DEM Parti Grup Başkanvekili Gülistan Kılıç Koçyiğit, Sağlık Bakanının derhal istifa etmesi gerektiğini belirtti. Hükümetin, 12 bebeğin katledilmesinde sorumlu olduğunu söyleyen Koçyiğit, şu açıklamayı yaptı:

“Türkiye günlerdir bir dehşeti yaşıyor, dehşet haberleriyle güne başlıyoruz. En son “Yenidoğan Çetesi” diye kamuoyuna yansıyan haber kanımızı dondurdu, insanlığımızdan utandırdı. Bu ülkedeki çürümenin ve kokuşmanın geldiği boyutu göstermesi açısından çok önemli. AKP hükümeti, hayata geçirdiği zaman da geçirdikten sonra da, Sağlıkta Dönüşüm Programının sağlıkta bir yıkım programı olduğunu, kamu sağlığının tasfiye edildiğini, halk sağlığının piyasaya açık hale getirildiğini; hastanelerin ticarethane, hastaların müşteri haline geldiği bir sistemde halkın sağlık hakkının korunamayacağını çokça anlattık. Ancak her seferinde Sağlıkta Dönüşüm Programını övdüler, cilaladılar ve şehir hastaneleriyle övündüler. Geldiğimiz durum tam da o piyasacı anlayışın sonucu. Hastayı müşteri, insanı meta olarak gören anlayışın sonucunda şu an için bildiğimiz kadarıyla 12 bebek katledildi. Neden? Birileri daha çok kazansın diye 12 bebeğin yaşamına kast edildi. Buradan şunu söylemek istiyoruz: Büyük büyük hastaneleri yapanlar, kamu kaynaklarını şehir hastanelerine, garantili oto yollara ve köprülere harcayanlar bu sürecin sorumlusudur. AKP hükümeti, 12 bebeğin yaşamını yitirmesinden, katledilmesinden sorumludur. Sağlık Bakanı Kemal Memişoğlu bu katliamdan, bu kokuşmuşluktan sorumludur. Derhal istifa etmelidir.

“İÇİNDE SİYASİLERİN OLDUĞU BİR SUÇ AĞI ŞEBEKESİ KURULMUŞ”

Sağlık Bakanı ne diyor? ‘Süreci çok iyi yürüttük, CİMER’e bir ihbar geldi, üzerine gittik değerlendirdik’. Kendisi il sağlık müdürüyken, kendi ilinde 9-10 hastane bir suç örgütüne bağlanmış. Bir şebeke, suç ağı kurulmuş. İçinde siyasilerin olduğu, daha önceki Sağlık Bakanının hastanesinin olduğu bir çete yapılanması var.
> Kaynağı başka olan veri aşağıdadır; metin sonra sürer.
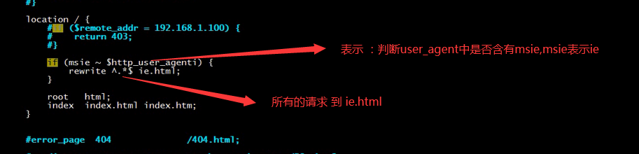 (2)判断 是不是 ie 浏览器,将ie所有的请求重写到 ie.html 上去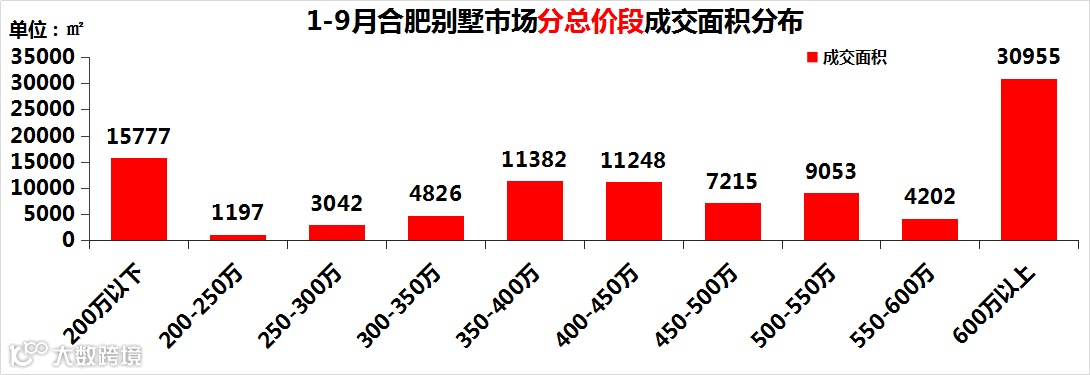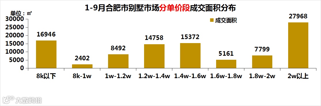 1-9月份,合肥别墅市场共计成交295套,销售面积9.89万㎡,成交金额17.53亿元,均价为17722.49元/㎡;供应量为625套/19.64万㎡,供销比为1.99,市场供大于求。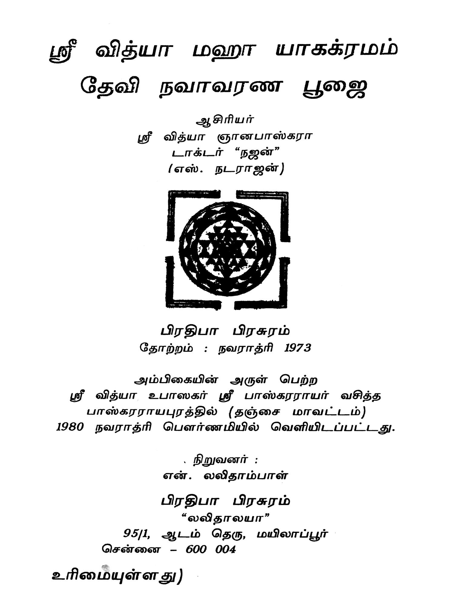 ஸ்ரீ மஹா மேரு மண்டலியின்- ஸ்ரீவித்யா நவாவரண பூஜா பத்ததி: Sri Maha Meru Mandaliyin Sri Vidhya Navavarana Pooja Bhaddhathi (Tamil)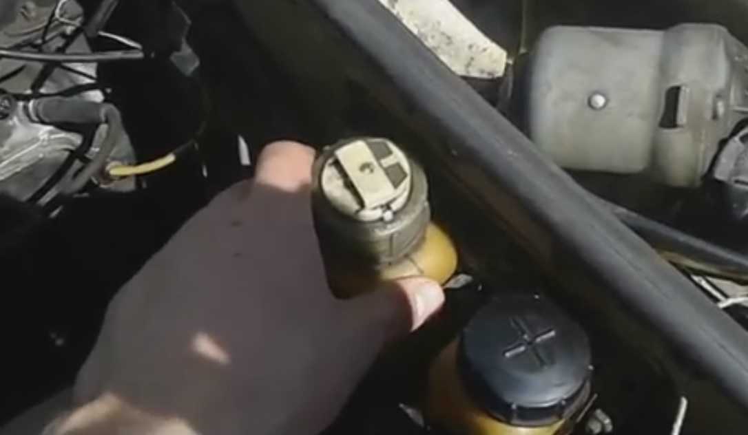 При помощи ключа на 10 мм откручивается крепежный хомут, бачка с рабочей жидкостью, откручивается и пробка.

Sağlık Bakanı bu olayı CİMER’e gelen ihbar sonucunda öğrenmiş, araştırılmasını da bir övünç kaynağı olarak ifade ediyor. Utanması gerekirken, istifa etmesi gerekirken, bir saniye bile o koltukta oturmaması gerekirken, soruşturmanın selametinden bize dem vuruyor. Soruyoruz: İl sağlık müdürüydünüz, İstanbul gibi bir ilde 10’dan fazla hastane, sağlıklı bebekleri yoğun bakım ünitesine koyup orada ölümlerine göz yumuyorsa, bunu denetlemeyen il sağlık müdürü sorumlu değil midir? Bütün bu özel hastanelerin denetimsizliği bir sorun değil midir? Kamu kaynaklarını zarara uğratan, insan hayatını hiçe sayan, yeni doğan bebeklerin yaşamını hiçe sayan bu çeteye karşı neden bir soruşturma yürütmediniz, neden zamanında tespit etmediniz?

“HASTANELERİ TİCARETHANE HALİNE GETİRDİLER”
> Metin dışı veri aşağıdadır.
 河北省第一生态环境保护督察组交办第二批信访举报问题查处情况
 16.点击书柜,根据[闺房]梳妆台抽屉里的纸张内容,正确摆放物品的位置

Biz söyleyelim: Çünkü işin arkasında siyasiler var, nepotizm var, çeteleşmeye göz yumma var. İşin arkasında herkesin çıkarına bakması var, halkın sağlığını hiçe sayma var. Biz bu gerçekleri söylediğimiz zaman da bize yaptıkları devasa binaları anlatıyorlar. Koruyucu sağlık hizmetlerini terk ettiler, hastaneleri ticarethane haline getirdiler. Hastanelerde kuyruk bitti dediler ama bugün kuyruklar MERNİS’le evlere taşınmış durumda. En temel hak olan sağlık hakkına insanlar ulaşamıyorlar. Bakanlık 9 hastanenin ruhsatını iptal ettiğini söylüyor. Peki, o hastanelerde çalışan ve bu süreçlerde hiçbir suçu olmayan sağlık emekçilerine ne olacak? Yapılması gereken bütün hastanelerin kamulaştırılmasıdır ama en başta bugün ruhsatı iptal edilen hastanelerin ilk elden kamulaştırılmasıdır. Orada çalışan sağlık emekçilerinin mağdur edilmemesi gerekir.
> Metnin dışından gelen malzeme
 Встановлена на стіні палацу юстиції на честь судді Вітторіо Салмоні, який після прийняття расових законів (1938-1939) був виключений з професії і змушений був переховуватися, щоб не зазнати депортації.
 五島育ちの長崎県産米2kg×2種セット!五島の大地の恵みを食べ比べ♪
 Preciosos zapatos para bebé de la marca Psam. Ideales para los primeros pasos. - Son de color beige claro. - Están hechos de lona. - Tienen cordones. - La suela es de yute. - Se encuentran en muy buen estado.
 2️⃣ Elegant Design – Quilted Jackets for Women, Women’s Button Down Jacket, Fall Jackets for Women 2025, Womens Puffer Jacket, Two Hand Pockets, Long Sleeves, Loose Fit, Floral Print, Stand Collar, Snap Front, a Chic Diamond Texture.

“ÇETEDEKİ BÜROKRATİK YAPILANMANIN AÇIĞA ÇIKARILMASI GEREK”

Bu işin arkasındaki siyasi yapılanmanın, mafyatik yapılanmanın, çeteleşmenin, bürokratik yapılanmanın açığa çıkarılması gerekiyor. Başta Sağlık Bakanı olmak üzere İstanbul İl Sağlık Müdürünün ve bu hastanelerin bulunduğu ilçelerdeki bütün ilçe sağlık müdürlerinin ve bu süreci takip eden bütün bürokratik yapının görevden alınması gerekiyor.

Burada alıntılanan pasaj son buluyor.